Gonit Sora
- Website type: Science Website
- Available in: two active editions
- Editors: Manjil Saikia, Pankaj Jyoti Mahanta
- Website: gonitsora.com (English) as.gonitsora.com (Assamese)
- Commercial: No
- Registration: None
- Launched: 21 April 2011; 15 years ago
- Current status: Online
- Content license: Creative Commons Attribution / Share-Alike 4.0^{a} * Media licensing varies;

= Gonit Sora =

Multilingual website devoted to mathematics

Gonit Sora (Assamese: গণিত চ’ৰা) is a multi-lingual (English and Assamese) web magazine devoted to publishing well written and original articles related to science and technology in general and mathematics in particular. Gonit Sora is an attempt to bridge the gap between classroom mathematics teaching and real-life practical and fun mathematics. The website strives for the popularization of mathematics teaching and understanding at all levels. The name of the website is in Assamese and means ‘gateway to mathematics’. Founded on 21 April 2011 by two alumni of Tezpur University, the website publishes expository articles, interviews and quizzes.

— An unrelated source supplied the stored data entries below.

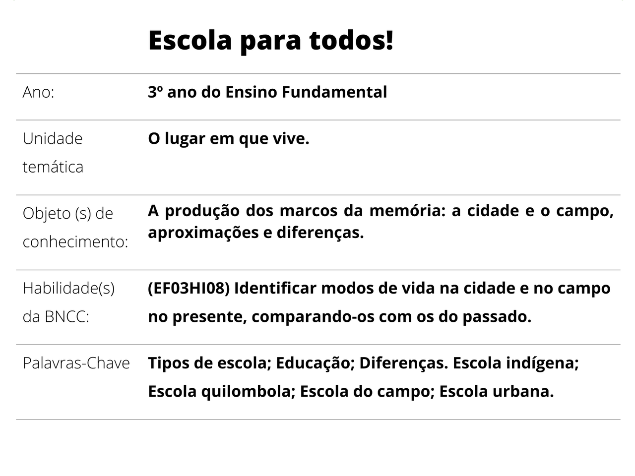 Plano De Aula 3º Ano Historia Rural E Urbano Hora De Comparar
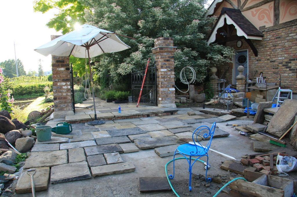 門の真ん中にぽつんと置かれた清涼飲料水が暑さを物語ってますね。真夏に重い石をならべる作業は大変ですよね・・・無理をなさらないでくださいね(*^^*)
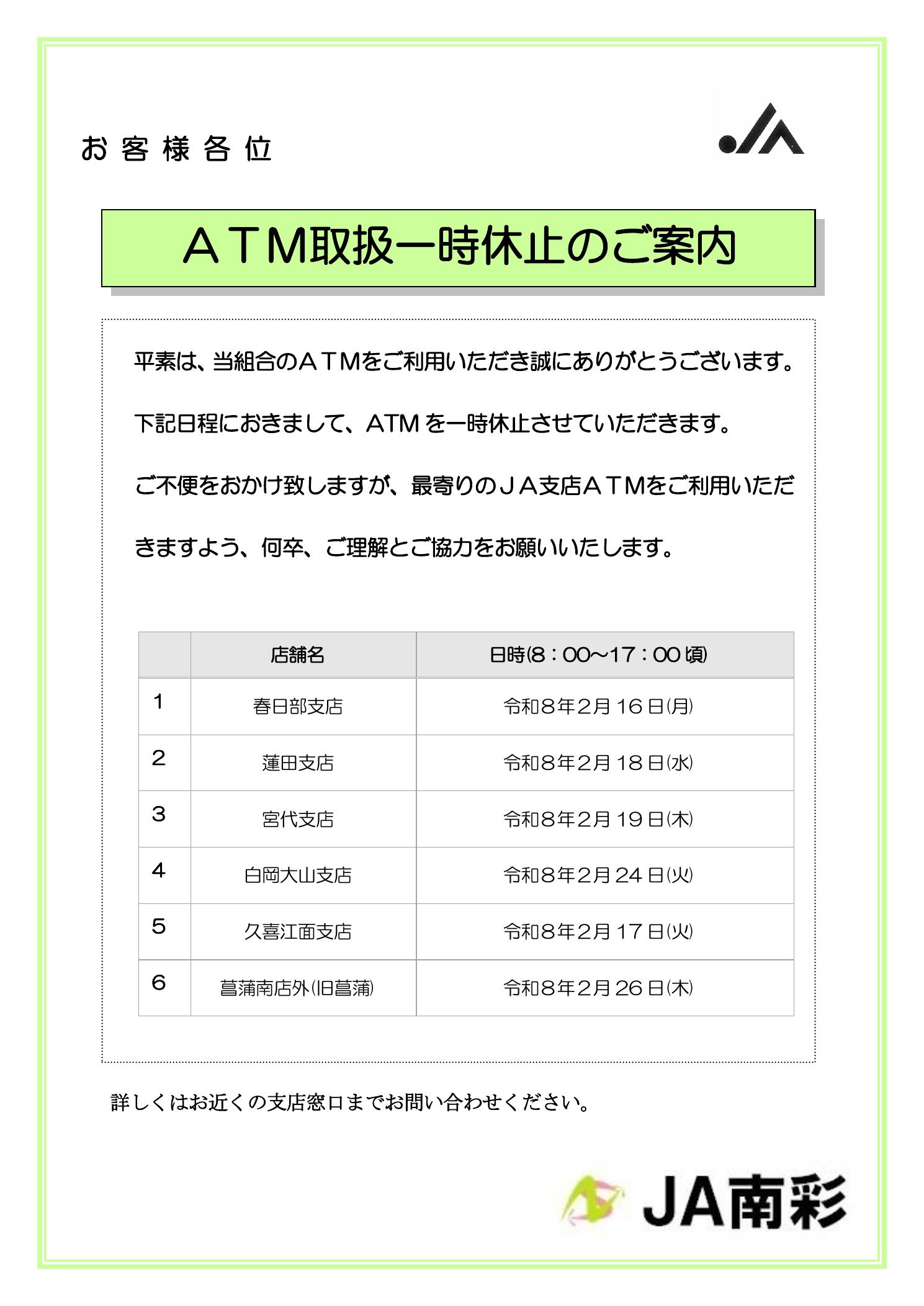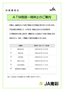 南彩NEWS 2026年1月16日お知らせ重要NEWSJAバンク ⚠️ATM取扱一時休止のご案内 いつも当組合をご利用いただき、誠にありがとうございます。下記日程において、ATMのサービスを一時休止いたします 何卒、ご理解とご協力をお願いいたします。 投稿ナビゲーション 短期プライムレートの改定について

The website has its own editors and staff writers, and its advisory board consists of academicians from all over the world, including Sujatha Ramdorai and Nayandeep Deka Baruah. Eminent Mathematicians, including Radha Charan Gupta and Sujatha Ramdorai have contributed articles for Gonit Sora.

==Goals and activities==
The website has the following goals:

1. To cater to the student community by posting relevant articles in all branches of mathematics,
2. To focus on the humane side of the subject, which is almost always lost in the traditional classroom approach to teaching,
3. Create an online repository of mathematical articles and facts, which can be accessed free of charge by anyone willing to do so,
4. Digitize the regional mathematical content in India in a form that is suitable for the web,
5. Organise workshops and outreach activities for school students to make them see the beauty and joy of doing mathematics,
6. To create a platform for students and teachers alike to discuss ideas, and
7. It makes an attempt to reveal the underlying connection and importance of mathematics in other branches of science through mathematics related articles.

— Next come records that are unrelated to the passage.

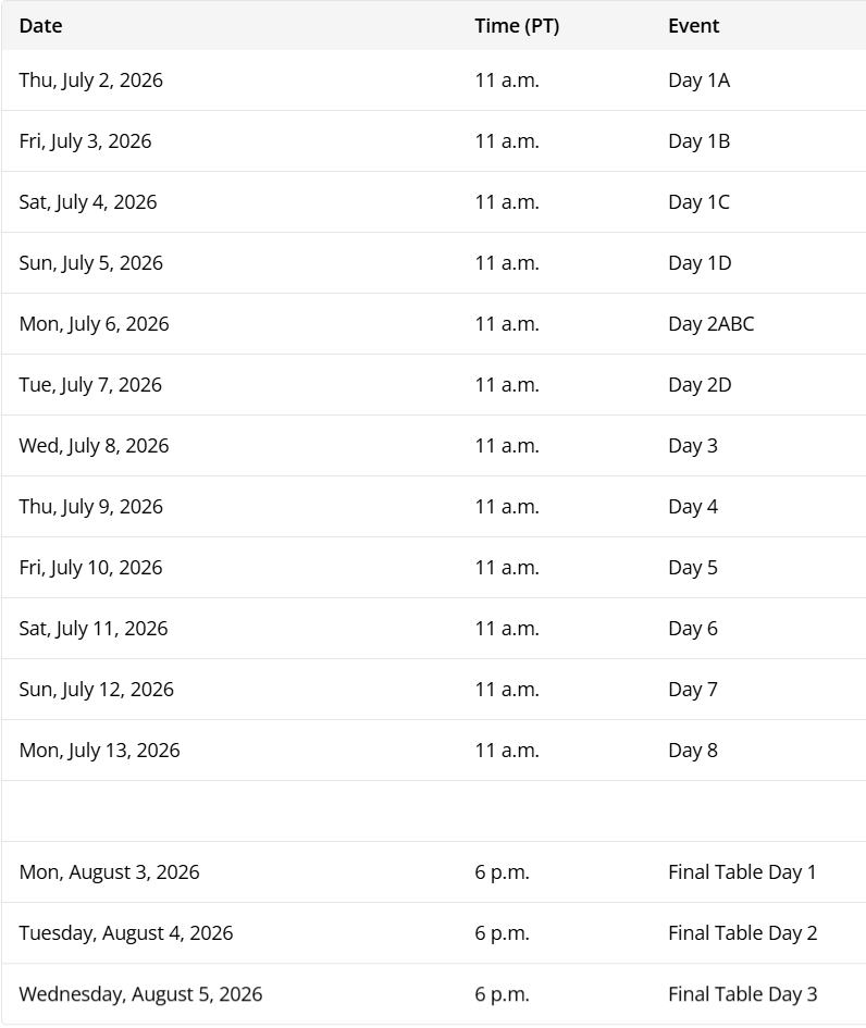 Ο τελικός θα μεταδοθεί ζωντανά σε τρεις βραδιές, από 3 έως 5 Αυγούστου (21:00 – 00:00 EST). Πρόκειται για μία ημέρα περισσότερη σε σχέση με το WSOP Main Event του 2025, το οποίο ολοκληρώθηκε σε δύο ημέρες και κατέκτησε ο Michael Mizrachi, κερδίζοντας $10.000.000!
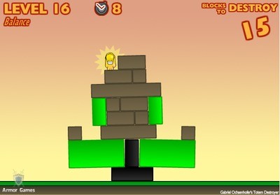 Das zeitraubende kostenlose Onlinespiel Totem Destroyer fordert auf mit Hilfe von drei unterschiedliche Arten von Klötzen einen zerbrechlichen Gegenstand unbeschadet nach unten zu befördern.
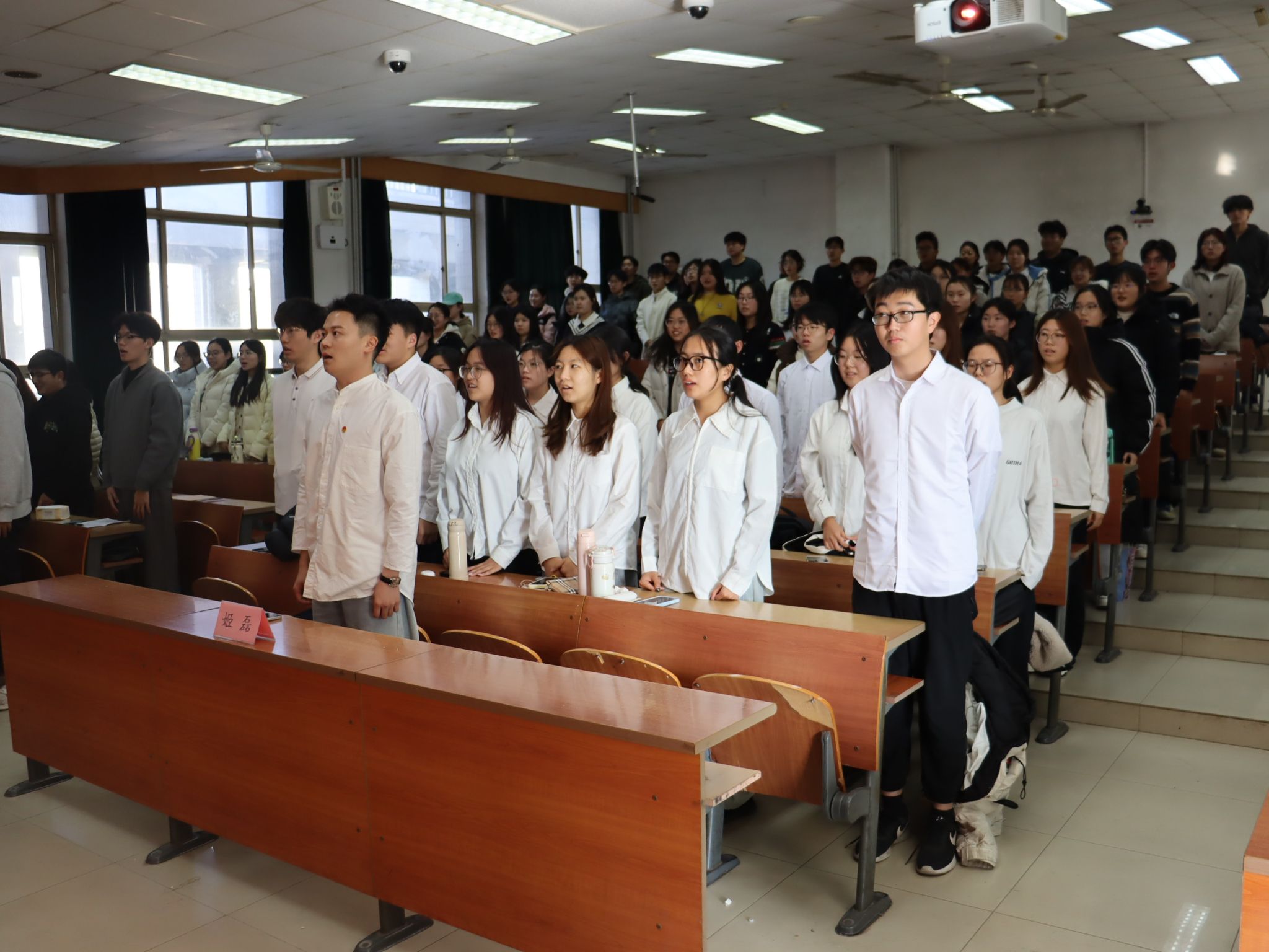 团委于11月18日在11J1302教室举行2025年下半年新发展团员入团仪式暨团支部书记专题培训会。学院团委书记姬磊、2025年下半年新发展团员、全体团支部书记及学生组织干部参加本次活动。
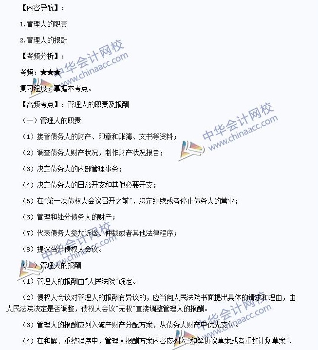 注稅考試《稅收相關法律》高頻考點:管理人的職責及報酬
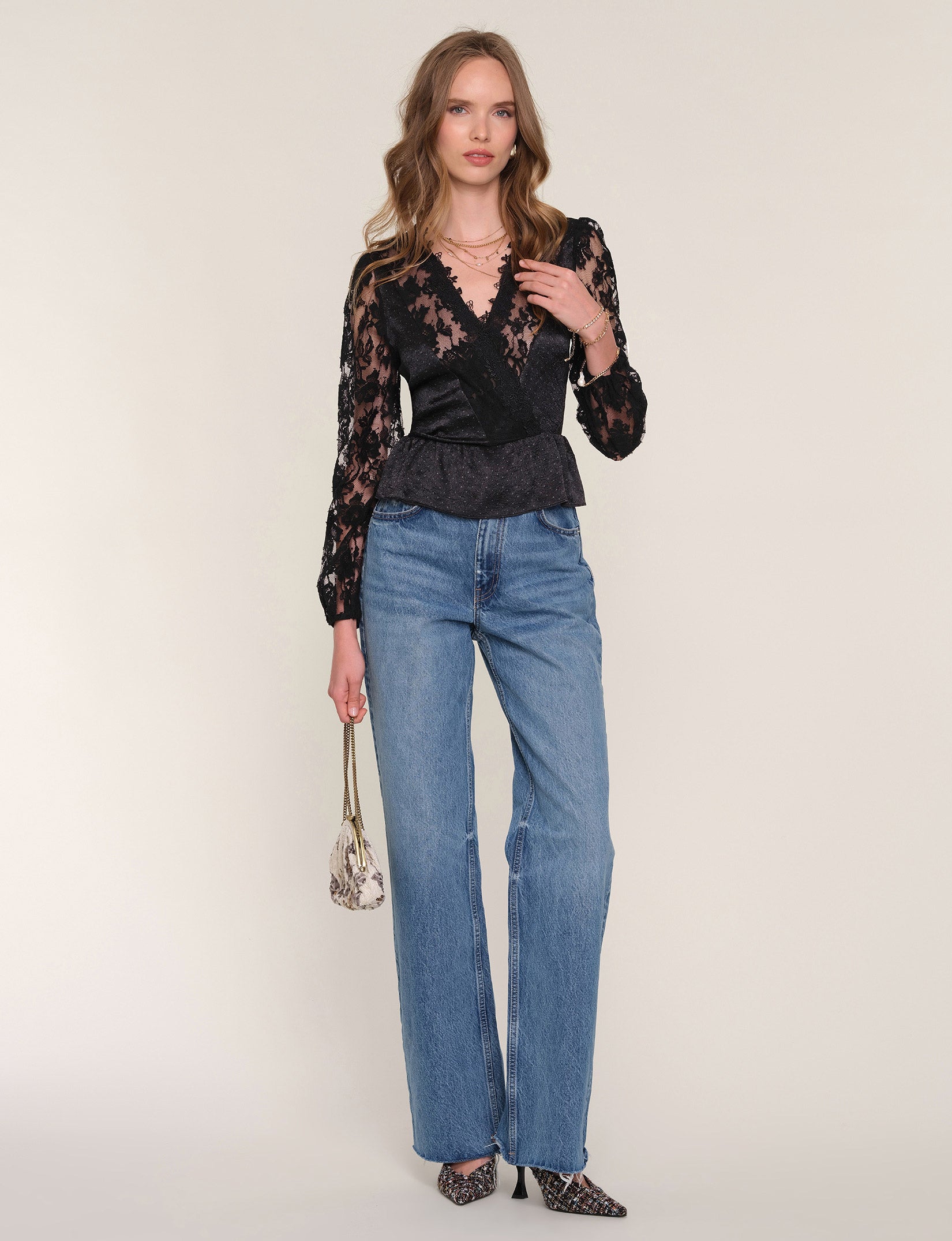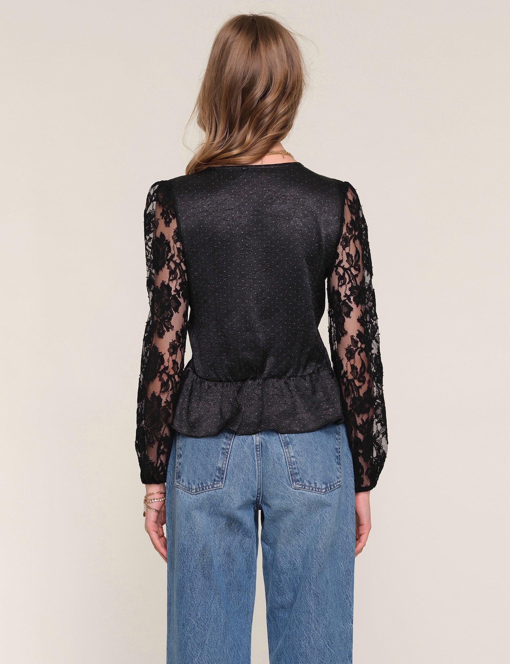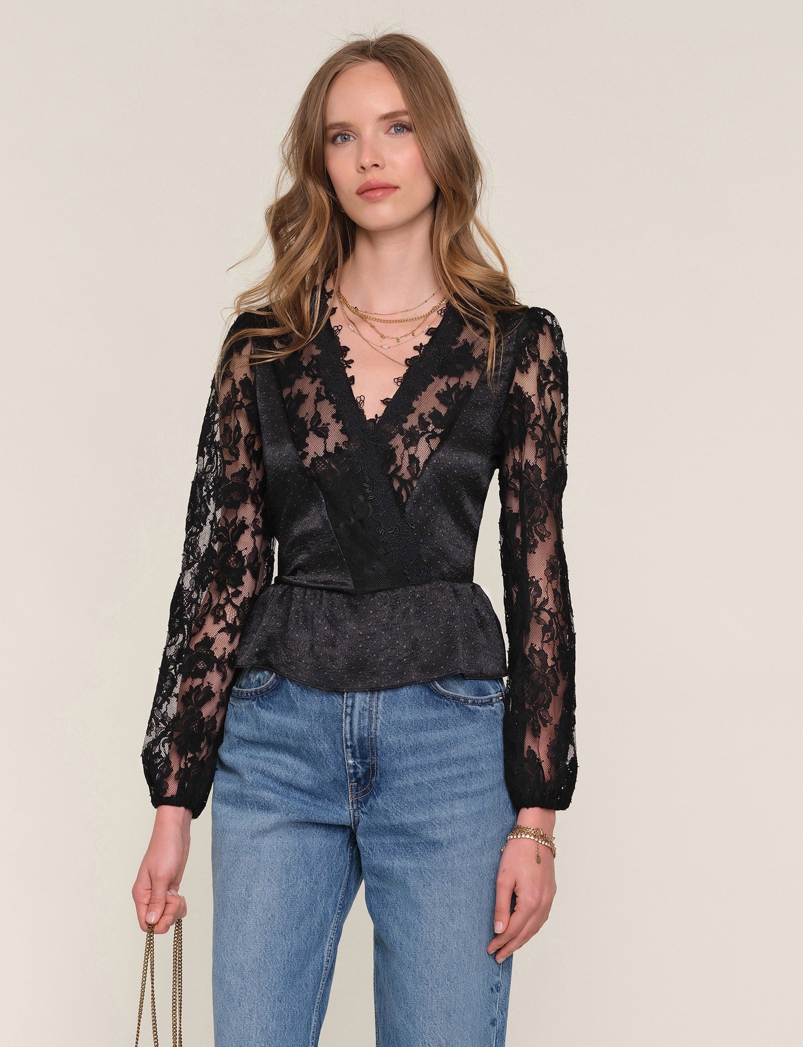 The Gita Top is a faux wrap, long sleeve blouse. It's made from a hammered satin and features lace sleeves and lace along the front neck.

The activities of the website are:

1. Posting articles every week on a topic related to mathematics,
2. Posting interviews with mathematicians like Bruce C. Berndt, Ashoke Sen, S. R. S. Varadhan, Jayant Vishnu Narlikar, James Maynard, Ken Ono, Cedric Villani etc. to motivate the study of the subject among the young students,
3. Digitizing the Assamese texts in mathematics whose copyrights are either in the public domain or expired,
4. Collaborate with the Assam Academy of Mathematics to digitize their enormous mathematical content in terms of articles and books,
5. Organizing and facilitating workshops for Olympiad outreach activities for the school students in the North Eastern part of India, and
6. Answering queries posted on the website for the students, teachers and parents regarding mathematics, its study and problems.

==Collaborations==
The website has collaborations with the Assam Academy of Mathematics, Xobdo, Shutterstock, Pravega and Asia Pacific Mathematics Newsletter published by World Scientific. It is also a magazine partner of Mathematics of Planet Earth (MPE). In collaboration with various colleges and universities in India, Gonit Sora organises workshops, symposia, colloquia and seminars. In the past, Gonit Sora has also translated mathematics related articles from newspapers, such as The Hindu into Assamese.